An apartment tower to rival Brisbane’s tallest will be constructed in the first stage of the city’s $3 billion Queens Wharf casino-resort development.
Industry sources said the 90-storey tower is expected to equal Brisbane’s highest at 274m, the city’s height limit imposed by aviation authorities.
A spokesman for the international joint venture delivering the development, Destination Brisbane Consortium, declined to comment on the apartment tower, saying it would lodge the plan of development for the transformational integrated resort to Economic Development Queensland in coming months.
“This plan will contain specific design details,” he said.
The project’s three apartment towers, totalling 2000 units, will be developed in a 50-50 partnership between Hong Kong-listed Far East Consortium and Chow Tai Fook. The entire development including the purpose-built casino is structured under a 25 per cent split for the China-based companies and a 50 per cent stake from The Star.
In an interim report to the Hong Kong stock exchange, Far East Consortium said its initial equity investment was $193 million. Together with its portion of the “land premium” for the residential component, Far East expects to pay $226m.
The Australian this week revealed that the consortium had to revise plans for the pedestrian bridge link to popular South Bank late last year, when authorities realised it landed on the level of the casino’s gaming floor, about four floors above ground. It will now arrive one level lower, on a retail level of the podium.
It is understood the 4m-wide bridge is costed into the development as a $100m-plus contribution. It is to be named Neville Bonner Bridge after Australia’s first indigenous parliamentarian.

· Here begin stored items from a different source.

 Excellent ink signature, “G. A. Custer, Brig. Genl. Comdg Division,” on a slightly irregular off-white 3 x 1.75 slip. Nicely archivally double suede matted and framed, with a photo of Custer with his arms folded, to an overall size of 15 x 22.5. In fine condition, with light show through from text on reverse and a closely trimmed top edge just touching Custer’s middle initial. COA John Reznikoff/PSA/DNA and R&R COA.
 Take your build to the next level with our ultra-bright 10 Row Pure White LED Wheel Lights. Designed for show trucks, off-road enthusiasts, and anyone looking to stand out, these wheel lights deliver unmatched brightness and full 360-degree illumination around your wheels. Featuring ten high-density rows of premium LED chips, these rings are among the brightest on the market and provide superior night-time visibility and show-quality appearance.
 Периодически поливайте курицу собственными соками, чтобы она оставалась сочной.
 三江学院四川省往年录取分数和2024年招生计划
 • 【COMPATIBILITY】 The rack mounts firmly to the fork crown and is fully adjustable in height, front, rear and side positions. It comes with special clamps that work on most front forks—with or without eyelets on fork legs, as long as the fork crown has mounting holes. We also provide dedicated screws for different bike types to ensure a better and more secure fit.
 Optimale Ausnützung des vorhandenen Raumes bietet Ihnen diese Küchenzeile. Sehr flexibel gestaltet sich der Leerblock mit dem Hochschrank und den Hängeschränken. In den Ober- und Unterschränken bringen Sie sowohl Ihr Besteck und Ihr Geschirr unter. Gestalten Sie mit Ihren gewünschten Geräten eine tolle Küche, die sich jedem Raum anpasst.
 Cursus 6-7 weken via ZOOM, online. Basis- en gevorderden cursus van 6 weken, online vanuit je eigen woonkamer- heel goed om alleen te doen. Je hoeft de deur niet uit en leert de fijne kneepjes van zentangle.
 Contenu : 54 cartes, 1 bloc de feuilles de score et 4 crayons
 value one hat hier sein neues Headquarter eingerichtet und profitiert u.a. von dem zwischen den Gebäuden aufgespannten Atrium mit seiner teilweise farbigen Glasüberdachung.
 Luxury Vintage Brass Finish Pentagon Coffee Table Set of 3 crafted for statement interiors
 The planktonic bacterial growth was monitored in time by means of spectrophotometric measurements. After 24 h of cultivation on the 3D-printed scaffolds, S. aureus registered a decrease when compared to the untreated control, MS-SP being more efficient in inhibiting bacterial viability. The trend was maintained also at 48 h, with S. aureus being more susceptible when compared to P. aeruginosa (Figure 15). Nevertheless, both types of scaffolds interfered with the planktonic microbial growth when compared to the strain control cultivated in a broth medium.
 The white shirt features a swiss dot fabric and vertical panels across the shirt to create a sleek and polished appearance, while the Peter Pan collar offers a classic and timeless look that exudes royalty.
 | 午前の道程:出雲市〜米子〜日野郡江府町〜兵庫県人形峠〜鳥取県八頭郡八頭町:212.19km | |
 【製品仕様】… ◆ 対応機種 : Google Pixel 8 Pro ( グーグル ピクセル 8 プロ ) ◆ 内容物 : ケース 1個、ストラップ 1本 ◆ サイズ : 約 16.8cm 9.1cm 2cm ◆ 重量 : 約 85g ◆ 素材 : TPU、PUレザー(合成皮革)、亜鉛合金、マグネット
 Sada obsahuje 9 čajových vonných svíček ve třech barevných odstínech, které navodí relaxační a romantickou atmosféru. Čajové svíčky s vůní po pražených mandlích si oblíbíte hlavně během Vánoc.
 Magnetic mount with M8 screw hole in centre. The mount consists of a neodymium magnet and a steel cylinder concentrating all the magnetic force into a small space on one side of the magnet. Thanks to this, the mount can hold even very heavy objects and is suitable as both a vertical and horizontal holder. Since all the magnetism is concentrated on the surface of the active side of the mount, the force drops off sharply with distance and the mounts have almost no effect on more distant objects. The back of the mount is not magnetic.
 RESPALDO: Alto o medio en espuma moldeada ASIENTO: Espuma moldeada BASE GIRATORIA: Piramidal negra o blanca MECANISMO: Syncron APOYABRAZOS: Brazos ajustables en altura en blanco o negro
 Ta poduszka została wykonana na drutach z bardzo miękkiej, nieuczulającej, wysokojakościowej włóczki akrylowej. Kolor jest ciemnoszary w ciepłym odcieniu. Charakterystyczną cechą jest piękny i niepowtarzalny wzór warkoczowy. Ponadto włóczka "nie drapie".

The development will include the new casino, underground shopping mall, 50 restaurants, five international hotels, three residential towers and the redevelopment of heritage buildings across 9.4ha of riverfront land.
The development will also create parklands underneath the Riverside Expressway and jut out into the Brisbane river.
The staged “brick by brick” demolition of three former government buildings will start within months. This includes the 1999 Australian Institute of Architects’ award-winning Neville Bonner Building and the Conrad Gargett-designed Executive Building.
The first stage — building the casino and hotel components — has to be complete by 2022 to comply with the state government contract. The multi-stage residential offering that will span 167,000sq m of gross floor area can be delivered until 2035.
The total development area is about 544,600sq m, including the residential area. It is expected to bring an additional 1.39 million visitors to Brisbane annually.